The pointing is accomplished with a child sequence, because the section in question doesn't have an ID on it. If the link were into an HTML document, there would have had to be an <A NAME=> available.

Also notable is that a pointer into an equivalent HTML document wouldn't have been able to point to the desired content, only a position near the content of interest, in order to get user agents to scroll to that position. In this case, the actual content (the element containing the whole section) is identified.

To date, HTML hyperlinking and pointing has tended to be implemented as a monolithic system, rather than as a modular part of Internet architecture. Thus, browsers are probably not prepared to handle HTML hyperlinks containing URIs-plus-fragment identifiers to any media types other than HTML itself. In the absence of any HTML specification that describes proper behavior for hyperlinking into XML, browsers that support both HTML and XML could implement some kind of default behavior on encountering an HTML link into an XML document, which has the option of being a bit more sophisticated than just scrolling -- for example, highlighting or typographically bracketing the section.

Note that it is not the FIXptr processor that does the highlighting or scrolling; this would be done by the browser application, which has been directed to the element information item of interest by the FIXptr processor.

C.2 Compiling Issues into an Issue List

XInclude is used to populate an FMML "issue list" document with all the issue elements that appear in the actual specification.

<?xml version="1.0"?>
<issues-list xmlns:xinclude="">
<title>FMML Issues</title>
<p>The following are open issues.  Please be prepared to discuss them
at the next FMML meeting.
<xinclude:xinclude href="footspec.xml#scope-update" />

Because issue elements can be counted on to have IDs and because the specification document directly identifies which attributes are of type ID, the corresponding FIXptrs can use them, and the issues list will typically need to be updated only when issues are added or deleted.

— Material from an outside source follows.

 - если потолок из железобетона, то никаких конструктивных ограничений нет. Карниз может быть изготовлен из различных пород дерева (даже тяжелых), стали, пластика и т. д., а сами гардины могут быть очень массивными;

Here, it is the XInclude application that provides the transformation capability. The FIXptr processor is handed the infoset for the whole specification document each time an XInclude instruction is encountered, and it merely locates each of the desired elements in turn.

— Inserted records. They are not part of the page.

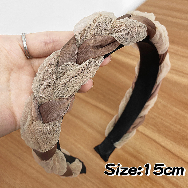 新款欧根纱链条发箍蕾丝编织压发卡气质麻花辫头箍头饰
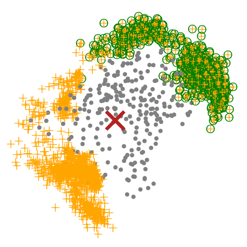 At this moment, we could perform a filtering step after we get all potential binder backbones. For example, I only want backbones (orange cross) in one side (green circle). We could remove other useless backbones, which can help a lot in reducing the computation stress.
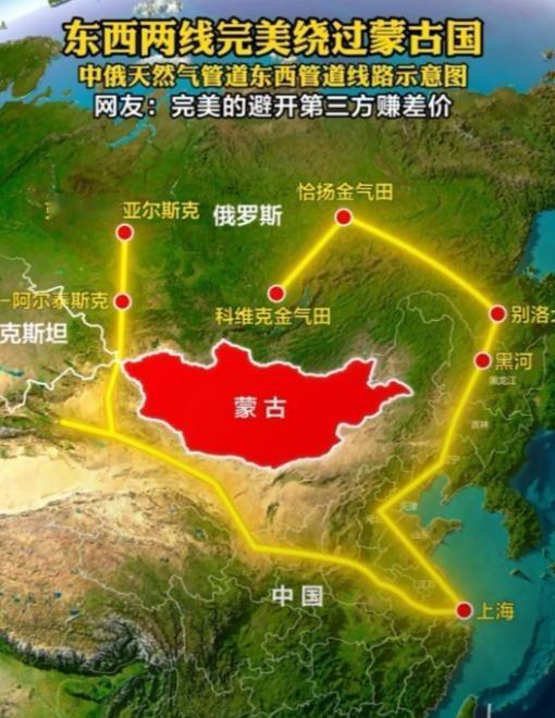 天然气管道绕过蒙古国真是一个明智的选择!虽然绕了个大弯,避开了蒙古国,乍一看好像多花了钱,路也更远了,但你细品,这步棋走得妙啊!为啥这么说?看看现在的国际形势,你就明白了。咱不能光盯着计算机上的那几个数字算,得算大账,算国家的安全账,要是真为了省那点过路费和建设成本,把国家的能源命脉交到别人手里,那才是真正的丢了西瓜捡芝麻。 先说中俄东线天然气管道,这条线从俄罗斯远东气田直接进中国东北,全长几千公里,设计年输气380亿立方米,已经全线贯通,运行几年下来稳定可靠。建设时没走第三方国家,全是两国直接对接,供应从没出过大问题。这条线证明了,双边合作最靠谱,掌控权在自己手里,用气地区随时有保障。 西线项目谈了多年,早先有方案想经蒙古国,路径短点,蒙古境内几百公里草原好施工。但蒙古这些年推行第三邻国政策,积极拉近与美国、日本、韩国关系,美国给援助,签航空协议,还在稀土矿产上合作优先西方企业。蒙古外交摇摆大,谈判时总想多要点过境费,条件苛刻,价格、融资老谈不拢。加上国际形势复杂,第三方国家立场容易变,一旦外部压力大,管道维护、收费标准甚至供应都可能出风险。欧洲那边管道事件就摆在那,陆上过境更易受政治影响。 中国天然气进口量大,依赖度高,必须多渠道备份,中亚管道、海上LNG、东线都运行好几年,互补性强。直接绕开不确定因素,额外成本算下来不算啥,长远看稳定供应值回票价。现有经验显示,双边管道运行平稳,带动沿线就业和基础设施,从没中断过。 现在西线备忘录签了,确认经蒙古国,年输500亿立方米,但价格、开工时间还在谈,建设得几年。蒙古能拿过境收入,本地也用上气,俄罗斯补欧洲市场缺口,中国多一条来源。整体上,中国进口多元化布局稳,管道气和LNG备份,不管形势咋变,国内供应不受大冲击。这步棋下得稳当,把风险控在前头,能源安全握在自己手里,比啥都强。

If the document did not directly contain the ATTLIST that identifies the attribute with type ID, but rather had a DTD external subset with the ATTLIST, the person or software component responsible for creating the FIXptr string in each XInclude instruction would have to decide whether it is "safe" to use an ID to point to the desired elements; not all infoset-producing XML parsers read external subsets. If using an ID is deemed unsafe, a child sequence would have to be used instead.

C.3 Annotating a Document with Corrections

A specialized annotation language is used to record a reviewer's corrections to the specification (using a fictitious Review Tool), so that the editor can use the corresponding fictitious Update Tool application to accept or reject them. The annotations look like this:


The Update Tool might require that both pointers in the pair specify character information items and not element information items, because reviewers are allowed to suggest only textual changes and not markup changes. However, it might still allow unbalanced character pairs, with an interpretation of ranges that corresponds to all elements "touched," plus all the characters to the "right" of the first FIXptr in the pair and to the "left" of the second. (In practice, a much more precise accounting of these semantics and the Update Tool interface would be needed!)

Here, the Review Tool is a producer of FIXptr strings and the Update Tool is an application that uses a FIXptr processor (which consumes the strings created by the Review Tool). The Review Tool might need to be sensitive to bidirectional data and other character-handling issues, but these concerns are outside the scope of FIXptr itself as long as the Review Tool and the FIXptr processor are both operating on data that has been normalized according to [CharMod].

D Production Notes (Non-Normative)

This proposal was encoded in the XMLspec DTD [XMLspec]. The HTML version was produced with an XSLT stylesheet.